**Input data**
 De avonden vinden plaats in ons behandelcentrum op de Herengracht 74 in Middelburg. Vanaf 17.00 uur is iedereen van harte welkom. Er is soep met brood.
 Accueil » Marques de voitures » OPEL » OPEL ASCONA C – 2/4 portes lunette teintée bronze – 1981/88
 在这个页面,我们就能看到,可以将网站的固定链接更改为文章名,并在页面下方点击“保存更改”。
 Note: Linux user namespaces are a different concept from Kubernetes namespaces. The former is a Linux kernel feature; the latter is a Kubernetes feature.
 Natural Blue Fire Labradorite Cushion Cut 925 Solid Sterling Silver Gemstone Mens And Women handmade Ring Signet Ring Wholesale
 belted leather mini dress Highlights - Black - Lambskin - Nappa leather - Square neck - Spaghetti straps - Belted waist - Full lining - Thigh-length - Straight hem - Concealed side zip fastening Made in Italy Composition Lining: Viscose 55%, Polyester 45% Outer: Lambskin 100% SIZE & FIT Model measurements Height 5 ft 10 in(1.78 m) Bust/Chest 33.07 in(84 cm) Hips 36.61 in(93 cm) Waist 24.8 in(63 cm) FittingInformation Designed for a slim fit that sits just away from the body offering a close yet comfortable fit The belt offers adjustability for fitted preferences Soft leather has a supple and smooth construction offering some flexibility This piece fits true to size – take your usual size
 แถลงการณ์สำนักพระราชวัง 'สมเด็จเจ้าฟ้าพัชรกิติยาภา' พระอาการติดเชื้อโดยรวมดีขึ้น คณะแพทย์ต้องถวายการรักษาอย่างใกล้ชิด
* * *
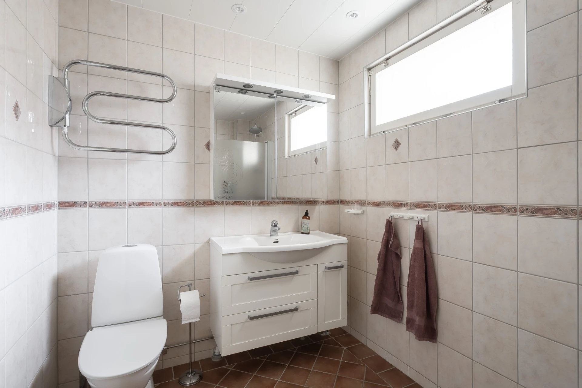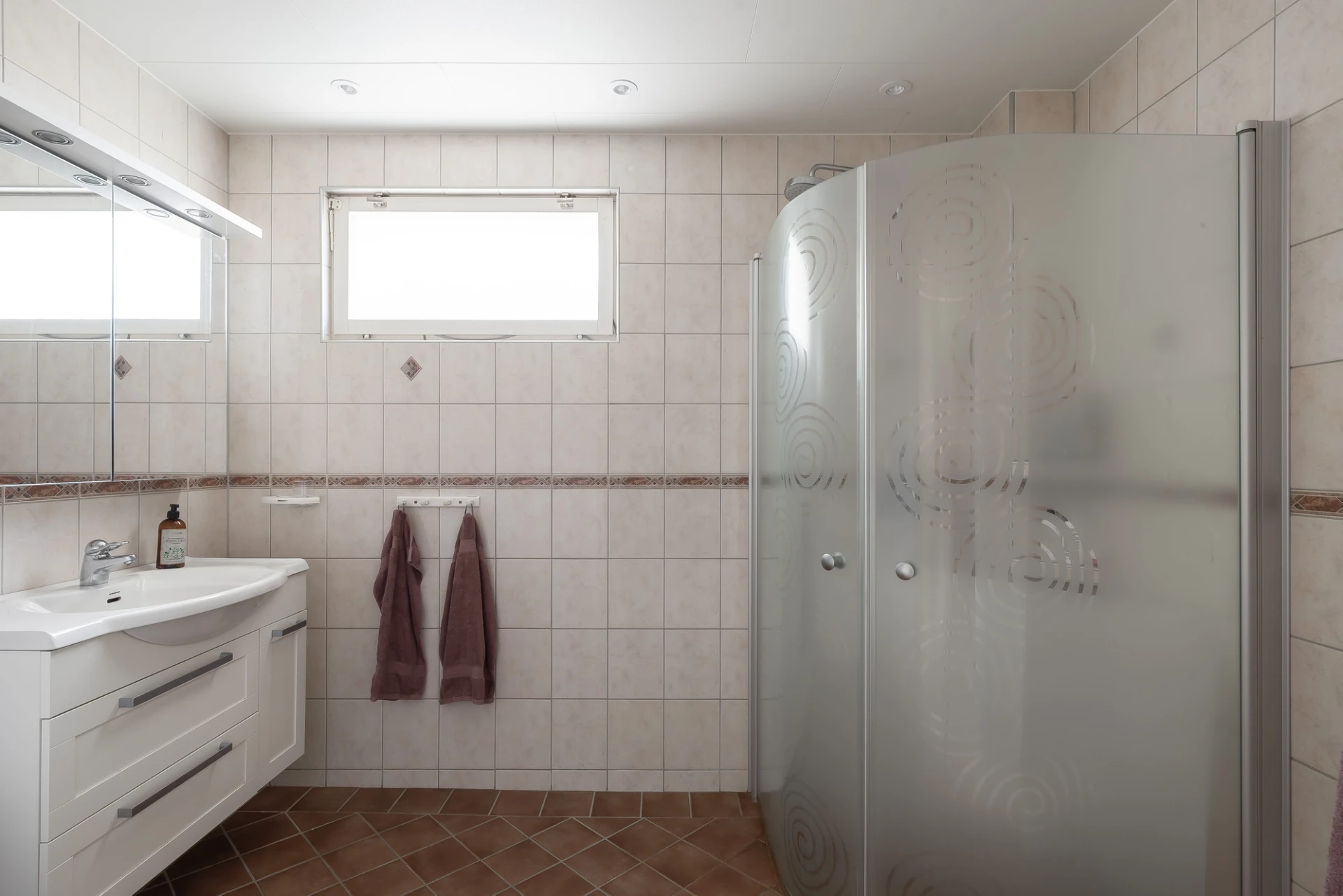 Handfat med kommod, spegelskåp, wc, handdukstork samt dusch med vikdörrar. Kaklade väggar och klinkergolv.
...
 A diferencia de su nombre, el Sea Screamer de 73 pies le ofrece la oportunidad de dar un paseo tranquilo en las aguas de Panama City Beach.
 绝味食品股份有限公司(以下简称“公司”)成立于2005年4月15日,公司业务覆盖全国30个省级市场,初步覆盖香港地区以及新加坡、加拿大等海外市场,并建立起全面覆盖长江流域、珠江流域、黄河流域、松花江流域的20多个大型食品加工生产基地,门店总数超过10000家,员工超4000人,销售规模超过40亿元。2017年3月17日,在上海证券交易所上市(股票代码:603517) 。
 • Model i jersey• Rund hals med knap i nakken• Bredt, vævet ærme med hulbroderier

**Activity**
All lines in the data above from the one with "A diferencia de" through the one with "ærme med hulbroderier" must be repeated exactly, and no others.

**Exercise answer**
 A diferencia de su nombre, el Sea Screamer de 73 pies le ofrece la oportunidad de dar un paseo tranquilo en las aguas de Panama City Beach.
 绝味食品股份有限公司(以下简称“公司”)成立于2005年4月15日,公司业务覆盖全国30个省级市场,初步覆盖香港地区以及新加坡、加拿大等海外市场,并建立起全面覆盖长江流域、珠江流域、黄河流域、松花江流域的20多个大型食品加工生产基地,门店总数超过10000家,员工超4000人,销售规模超过40亿元。2017年3月17日,在上海证券交易所上市(股票代码:603517) 。
 • Model i jersey• Rund hals med knap i nakken• Bredt, vævet ærme med hulbroderier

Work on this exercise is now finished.